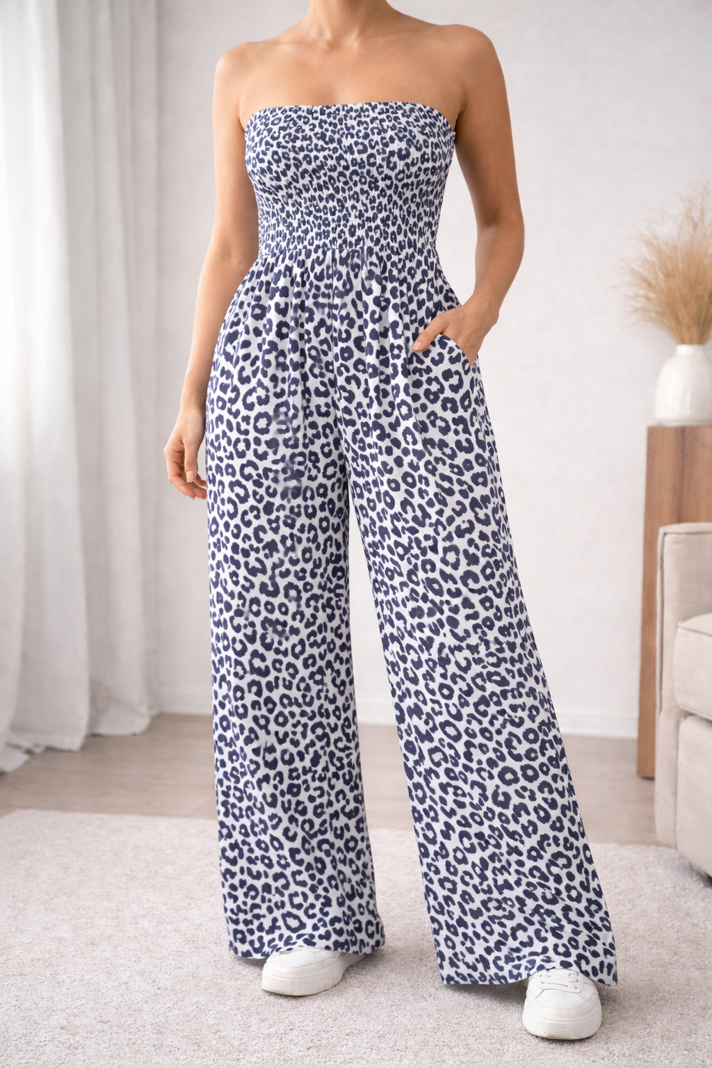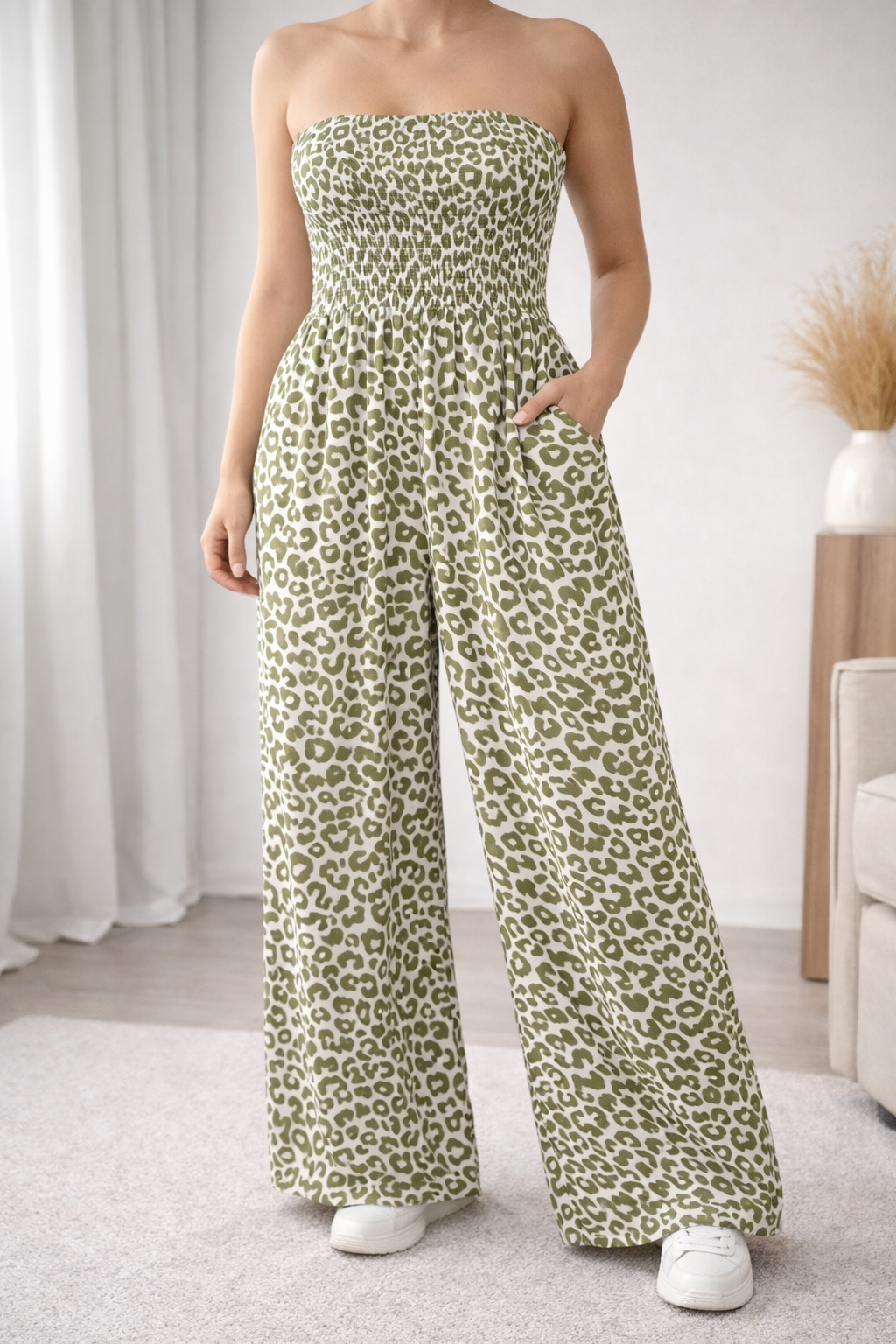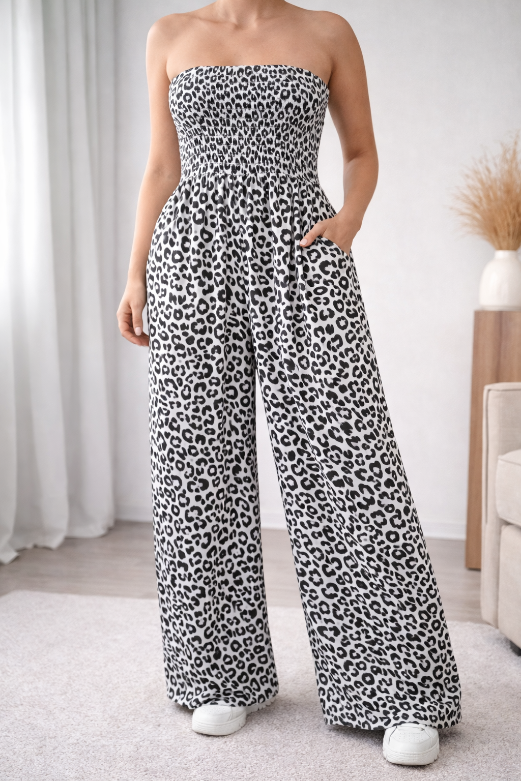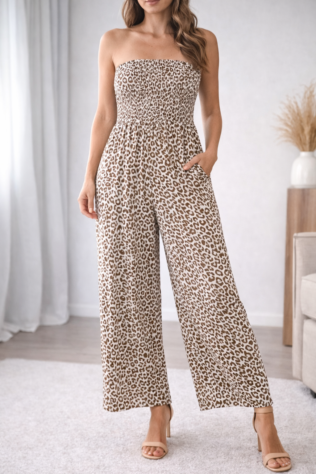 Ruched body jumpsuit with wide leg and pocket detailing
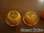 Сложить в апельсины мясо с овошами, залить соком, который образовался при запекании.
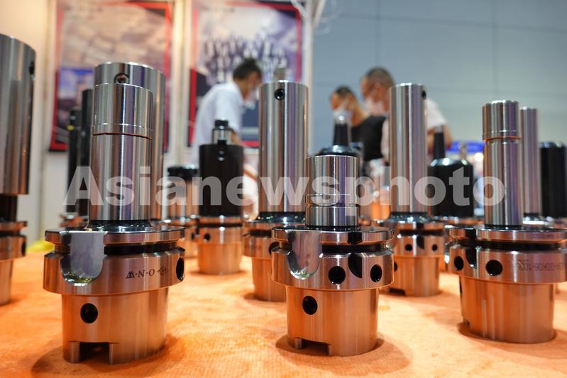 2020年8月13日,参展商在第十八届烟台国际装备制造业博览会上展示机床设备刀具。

#### [Your goal]
After locating the line with "Сложить в апельсины" in the listing above, transcribe it and every line after it to the last, exactly, with no pictures.

#### [Response]
 Сложить в апельсины мясо с овошами, залить соком, который образовался при запекании.
 2020年8月13日,参展商在第十八届烟台国际装备制造业博览会上展示机床设备刀具。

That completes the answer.